-- RECORDS FOR THIS TASK follows --

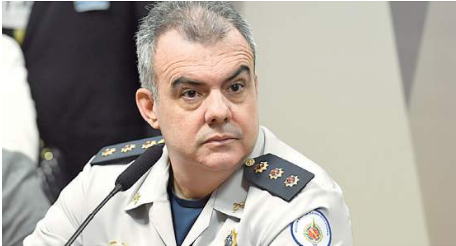
Coronel, preso desde janeiro, voltou a declarar que a "ação da PM sempre foi limitada pelas Forças Armadas

Ele cita nominalmente o chefe do Centro de Inteligência,
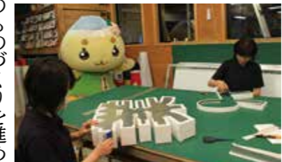
▲手仕事で丁寧に仕上げているんだナ！

子ども園や明知鉄道極楽駅など、いろいろな場所でもアド・ループが作った看板やサインを見ることができるとだよ。 最新の機械による最先端のものづくりを進めながらも、手作りならではの味を大切にしているから、仕上げは一つ一つ丁寧な手仕事なんだ。 さらに、看板を表す最古の言葉から名付けた自社ブランド「肆」を展開していくんだって。アド・ループが手掛ける魅力的なデザインが、市内はもろろろ全国にあふれ、楽しい景色が増えていくことを期待しているんだナ！ 問 商工課（内線393）
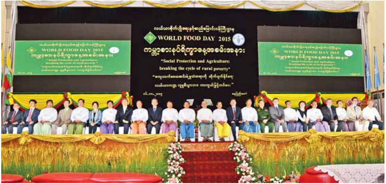
နိုင်ငံတော်သမ္မတ ဦးသိန်းစိန်၊ ပြည်ထောင်စုဝန်ကြီးများ၊ အထူးဧည့်သည်တော်များ၊ ဂုဏ်ပြုမှတ်တမ်း ချီးမြှင့်ခံရသော ပုဂ္ဂိုလ်များနှင့်အတူ မှတ်တမ်းဓာတ်ပုံရိုက်စဉ်။ (သတင်းစဉ်)

ယင်းနောက် နိုင်ငံတော်သမ္မတက အမှာစကားပြောကြားရာတွင် ကမ္ဘာ့ကုလသမဂ္ဂမှ ချမှတ်ထားသည့် ထောင်စုနှစ်ရည်မှန်းချက် (Millennium Development Goals-MDGs) (၁) (၈) အရ ၂၀၁၅ ခုနှစ်တွင် ကမ္ဘာတစ်ဝန်းလုံး ငတ်မွတ်သူဦးရေကို ထက်ဝက်အထိလျော့ချရန် ရည်မှန်းထားရှိပါကြောင်း၊ ၂၀၁၅ ခုနှစ် ဇွန်လအတွင်းက ကျင်းပခဲ့သည့် ကမ္ဘာ့စားနပ်ရိက္ခာနှင့် စိုက်ပျိုးရေးအဖွဲ့၏ (၃၉)ကြိမ်မြောက် ညီလာခံတွင် အဆိုပါထောင်စုနှစ်ရည်မှန်းချက် ပြည့်မီစေရန် ဆောင်ရွက်နိုင်သည့် နိုင်ငံပေါင်း (၇၂)နိုင်ငံတွင် မြန်မာနိုင်ငံပါဝင်ခဲ့ပြီး အသိအမှတ်ပြု ဂုဏ်ပြုလွှာချီးမြှင့်ခြင်းခံရသည့်အတွက် မြန်မာနိုင်ငံ
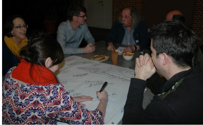
Foto: Samen brainstormen over bedelzang.

Bedelzanggebruiken zijn levende tradities. Het is daarom belangrijk dat we niet enkel naar het verleden kijken maar ook onze blik richten naar de toekomst. Door de uitwerking van enkele projecten willen wij daarvoor zorgen dat er nog lang gezongen kan worden in onze streek. In maart gingen we van start met een ideeëncafé . Iedereen was welkom om samen met ons mee te denken. De aanwezigen namen deel aan een rondetafelgesprek waar per groep een
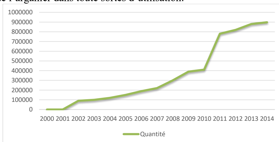
Figure 3 : Évolution de la quantité d'huile d'argan exportée entre 2000 et 2014(en tonnes)

En constate d'après le graphique ci-dessus, une demande croissante du produit de l'arganier entre l'année 2000 et 2014, cela s'explique par une meilleur qualité et efficacité de l'arganier dans toute sortes d'utilisation.
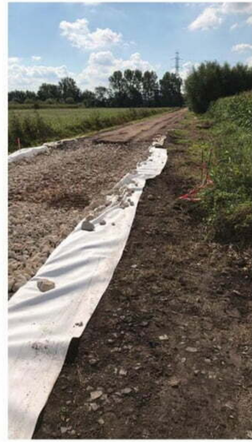
Remise en état du chemin Plouvin

La commune va ainsi engager un diagnostic complet des trottoirs et caniveaux, avant d'en assurer le nettoyage global. A l'issue de ce nettoyage, comme le prévoit la loi, il reviendra aux locataires et propriétaires d'immeubles l'entretien des fils d'eau.
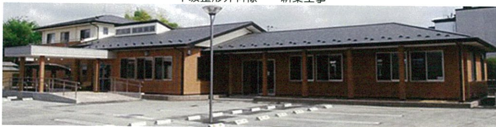
早坂整形外科様 新築工事

-- RECORDS FOR THIS TASK concluded --

• **EXERCISE**: With the pictures excluded, restate word for word each line from the one that contains "Figure 3 : Évolution" through the last line of the listing above.

• **ANSWER**:
Figure 3 : Évolution de la quantité d'huile d'argan exportée entre 2000 et 2014(en tonnes)

En constate d'après le graphique ci-dessus, une demande croissante du produit de l'arganier entre l'année 2000 et 2014, cela s'explique par une meilleur qualité et efficacité de l'arganier dans toute sortes d'utilisation.
Remise en état du chemin Plouvin

La commune va ainsi engager un diagnostic complet des trottoirs et caniveaux, avant d'en assurer le nettoyage global. A l'issue de ce nettoyage, comme le prévoit la loi, il reviendra aux locataires et propriétaires d'immeubles l'entretien des fils d'eau.
早坂整形外科様 新築工事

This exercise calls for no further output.